Loquats grow to approximately 20 feet tall. With a small, rounded crown, the graceful, evergreen trees have a distinctly tropical air. Combine with ginger lilies, cycads or bananas to move your garden south. Use as a small specimen tree or mix in with citrus varieties for a tall evergreen hedge. Loquats look great near ponds or water features.
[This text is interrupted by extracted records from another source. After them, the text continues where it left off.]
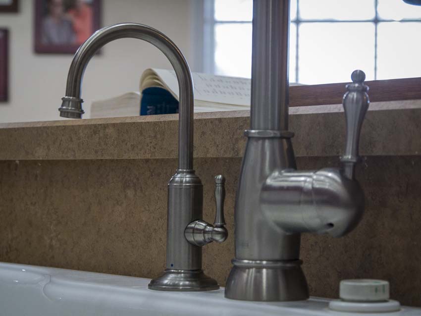 By design, youโ€™d want a sink with a hole at the extreme right. Thatโ€™s the perfect location for theย Franke water filtration faucet. Ours, however, lacked that, so we were forced to mount it to the left of the Frankeย Farm House FHPD180 Satin Nickel faucet. While not ideal, it allowed us easy access to both faucets without the handles being in each othersโ€™ way. As we had a ceramic-coated sink, we couldnโ€™t simply add a new hole.
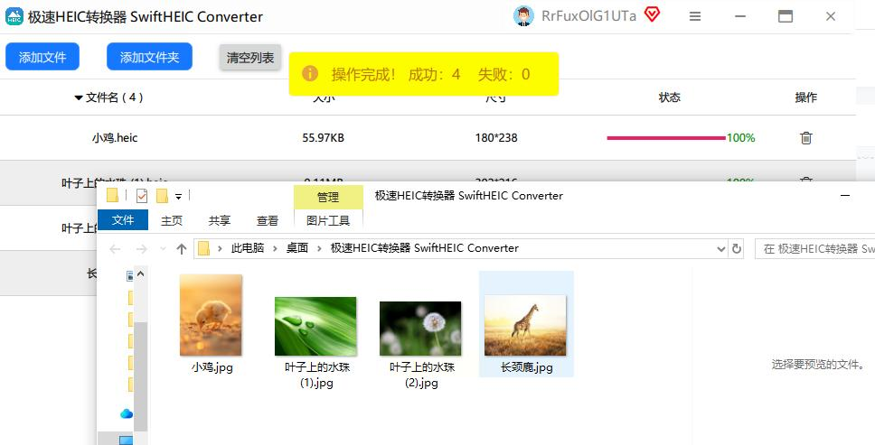 转换完成后,软件会提示成功,你直接打开输出文件夹,所有HEIC都变成JPG了,文件名也和原来一样,方便核对。
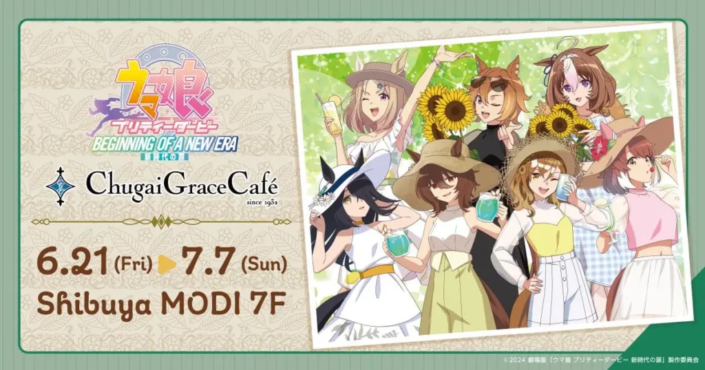 Game seluler paling populer di Jepang mendapat kolaborasi film dan kafe baru! Di acara Uma Musume: Pretty Derby – Door to a New Era x Chugai Grace Cafe, para penggemar akan disajikan makanan dan minuman yang terinspirasi oleh tujuh karakter Uma Musume dalam film tersebut. Pelanggan yang memesan dari menu kolaborasi juga akan menerima hadiah kejutan! Setiap pembelian merchandise senilai ¥3.000 juga akan mendapatkan satu dari tujuh kartu ilustrasi yang dipilih acak.
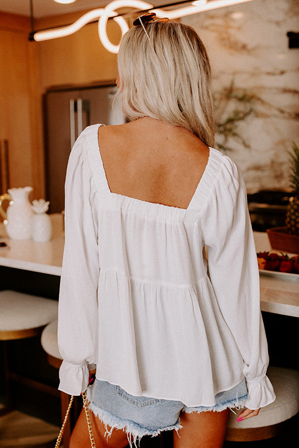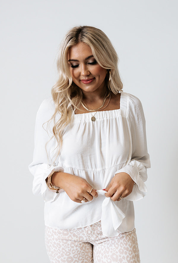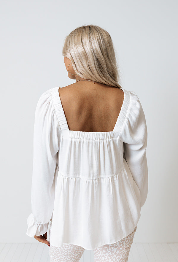 This is your daily reminder that you deserve some new clothes and we have the perfect piece for you! This darling white shift top features sleek lightweight material, a square neckline and upper back, long bishop sleeves with flared cuffs, and a relaxed but flattering tiered silhouette that falls into a straight hemline!

Loquats are self-pollinating
Fig. 3

Site Selection and Correct Spacing for Loquat Trees

Well-drained sandy soils are preferred, but loquats will grow on many soil types if good drainage is provided. Loquats do not tolerate flooding. Trees will grow more vigorously and produce more fruit in full sun.


Planting method
Fig. 4

Loquats prefer slightly acid soil (pH 5.5-6.5), but soils of up to moderate alkalinity are readily tolerated. If you are in doubt about the acidity of your soil, take a soil sample to the Cooperative Extension Agent in your county for a soil test. Dig a planting hole approximately three times the width of the pot and at the same depth as the root ball. Set that soil aside and mix it 50/50 with either aged mushroom compost, aged manure or rotted pine bark & aged manure/compost. Remove the plant from the pot, gently loosen the root ball and place in the planting hole. To avoid burying too deep, make sure plant is positioned with the top most roots at the soil line. Fill the planting hole with the mix of soil and organic matter; gently tamp it in. Water thoroughly to settle the roots and eliminate air pockets. Do NOT put fertilizer in the planting hole. Only apply fertilizer if it is the correct time of year (see Fertilization section below).

Mulching…

If desired, construct a water basin around the base of the tree approximately 36 inches in diameter. Mulch in spring and summer with approximately 4-6 inches of mulch. Pull mulch a couple of inches away from the trunk for good air circulation.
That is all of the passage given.